Pandemic influenza, an aerosolized anthrax attack, a nuclear detonation, chemical or radiological exposure, and other known and emerging threats and disasters are all potential threats to the United States. To combat these, one enterprise – comprising many collaborating federal agencies – is preparing to provide the necessary medical products when and where they are needed.

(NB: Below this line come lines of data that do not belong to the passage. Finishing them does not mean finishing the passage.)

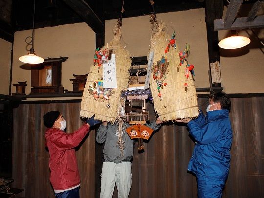 当日は例年行事に携わっている2人に加え、市文化財センターなどの関係者と総務省事業「ふるさとワーキングホリデー」で美麻を訪れた山崎陽子さん=早稲田大1年・東京都新宿区=の5人がいろりの煙が漂う中、2つの巻き俵に新たなわらを巻き足し、地域繁栄などを願う札を飾り神棚の前に吊り下げました。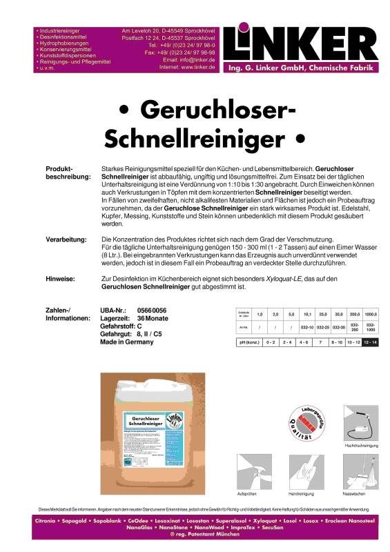 - Beschreibung Linker Chemie Geruchloser Schnellreiniger Küchen- &Lebensmittelbereich 10,1 LStarkes Reinigungsmittel speziell für den K… Mehr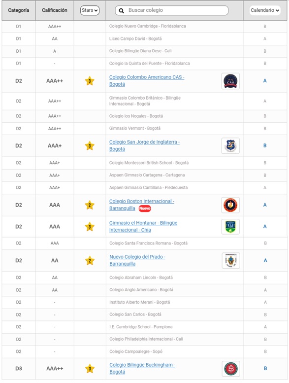 La clasificación de la firma Sapiens, hecha entre más de 13 mil colegios públicos y privados de todo el país mostró entre los 10 primeros a siete colegios de Bogotá, que por varios años han liderado la lista de mejores; estos son: Liceo Campo David, Colegio Colombo Americano CAS, Gimnasio Colombo Británico - Bilingüe Internacional, Colegio los Nogales, Gimnasio Vermont, Colegio San Jorge de Inglaterra, Colegio Montessori British School.
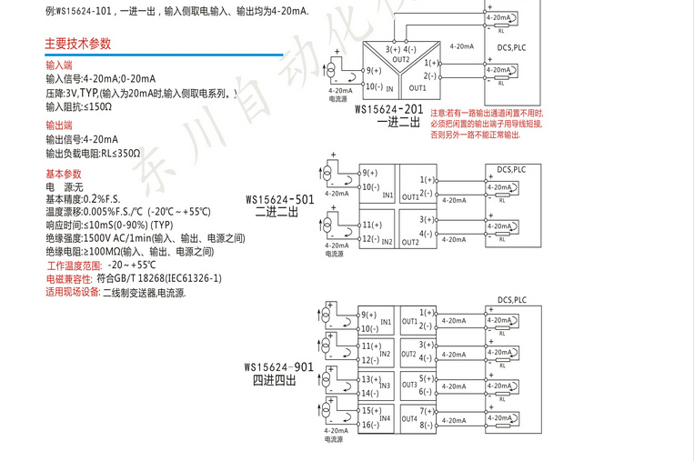 输入输出方式:一入一出、二入二出、三入三出、四入四出输入 输出范围:4-20mA模拟量信号.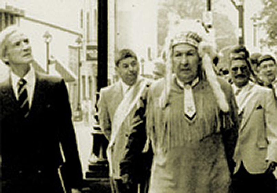 Kji-Saqmaw Donald Marshall Sr. (front right) leads the 1988 Treaty Day parade in downtown Halifax with Mayor Ron Wallace (front left). (Courtesy of Micmac News vol. 18, no. 10, October, 1988, p. 3)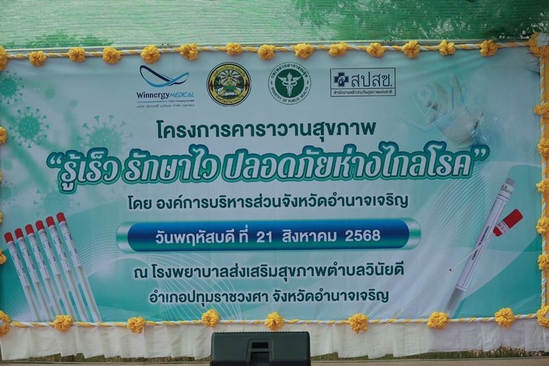 Winnergy Medical Public Company Limited (WINMED) joined hands with the Amnat Charoen Provincial Administrative Organization and local Subdistrict Health Promoting Hospitals (SHPH) to organize the “Healthy Caravan: Early Detection, Timely Treatment, Safe from Disease” event at Winai Dee SHPH, Pathum Ratchawongsa District, Amnat Charoen Province.

As the Ebola outbreak spread to multiple countries in West Africa and became a public health emergency of international concern, federal agencies in the United States pulled together quickly to review the vaccines, diagnostics, and therapeutics the agencies were supporting. Collectively known as medical countermeasures, these products were in various states of early development; none had reached clinical trials. The agency representatives quickly made decisions about how to use the authority, funding, and technical expertise from each agency to move as many products as rapidly as possible into clinical trials and get them into the hands of doctors and patients to prevent or treat this potentially deadly infection.
The National Institutes of Health (NIH), Biomedical Advanced Research and Development Authority (BARDA), Centers for Disease Control and Prevention (CDC), and Department of Defense provided funding, facilities, and technical support to private sector companies to bring three vaccines to phase 1 and 2 clinical trials to test safety and efficacy. BARDA also began working with the companies to scale up and improve manufacturing processes and support other advanced development work to increase the supply of candidate countermeasures. BARDA and NIH provided funding and technical assistance to private companies to move forward with development of therapeutics, including ZMapp, a monoclonal antibody cocktail, the components of which are manufactured in tobacco plants. BARDA also is partnering with companies on ways to make similar therapeutics in Chinese hamster ovary (CHO) cells, a modern, scalable monoclonal antibody production platform that will facilitate manufacturing large quantities of the drug.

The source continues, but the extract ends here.